§ Stored data:

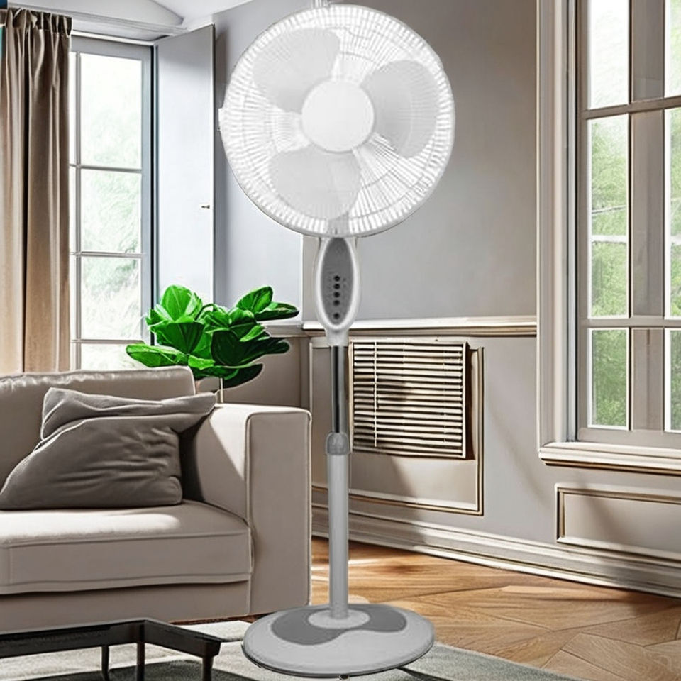 Ventilador de soporte inteligente de 16 pulgadas con motor de cobre de 18mm, 3 velocidades, cuchillas de PP de 400mm, parrilla de alambre oscilante, enchufe BS aprobado por CE, hogar ST 5
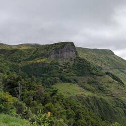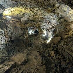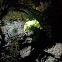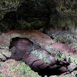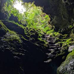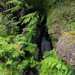We reden weer verder en omdat er een weg afgesloten is was de enige optie landinwaarts over de bergen, ook geen straf. We hadden op onze kaart nog lavagrotten gezien en dat leek ons ook superleuk! In Ijsland hebben we ook een poging gedaan maar wegens de recente uitbarstingen daar en het weer waren die telkens dicht, dus in de herkansing! Op Terceira is een nog veel indrukwekkendere cave te vinden, maar die is dicht door herstelwerkzaamheden, dit was een goede nummer 2. Indrukwekkend te zien hoe de hete lava zo'n enorme grot achterlaat, en we konden tot 700m lengte de grot in. Leuk!
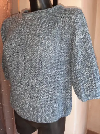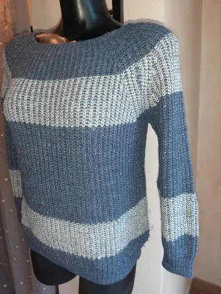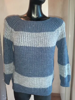 Bel maglione da donna blu e grigio con un filato scintillante color argento, brilla ma le foto non gli rendono giustizia, brand Facit, purtroppo ho rimosso l'etichetta, è sicuramente in misto lana, calda e morbida adatta per l'inverno, indossata un paio di volte, non presenta difetti, taglia S/M misure in foto. #maglionedonnarighe #maglionedonnafacit #maglionebrillante #maglionebluegrigio #blackfriday #cybermonday - Girocollo. - Maniche lunghe. - Tessuto morbido con fili scintillanti.

§ What you have to do:
Go through the lines above and write each one out verbatim, skipping the pictures.

§ Exercise result:
 Ventilador de soporte inteligente de 16 pulgadas con motor de cobre de 18mm, 3 velocidades, cuchillas de PP de 400mm, parrilla de alambre oscilante, enchufe BS aprobado por CE, hogar ST 5
We reden weer verder en omdat er een weg afgesloten is was de enige optie landinwaarts over de bergen, ook geen straf. We hadden op onze kaart nog lavagrotten gezien en dat leek ons ook superleuk! In Ijsland hebben we ook een poging gedaan maar wegens de recente uitbarstingen daar en het weer waren die telkens dicht, dus in de herkansing! Op Terceira is een nog veel indrukwekkendere cave te vinden, maar die is dicht door herstelwerkzaamheden, dit was een goede nummer 2. Indrukwekkend te zien hoe de hete lava zo'n enorme grot achterlaat, en we konden tot 700m lengte de grot in. Leuk!
 Bel maglione da donna blu e grigio con un filato scintillante color argento, brilla ma le foto non gli rendono giustizia, brand Facit, purtroppo ho rimosso l'etichetta, è sicuramente in misto lana, calda e morbida adatta per l'inverno, indossata un paio di volte, non presenta difetti, taglia S/M misure in foto. #maglionedonnarighe #maglionedonnafacit #maglionebrillante #maglionebluegrigio #blackfriday #cybermonday - Girocollo. - Maniche lunghe. - Tessuto morbido con fili scintillanti.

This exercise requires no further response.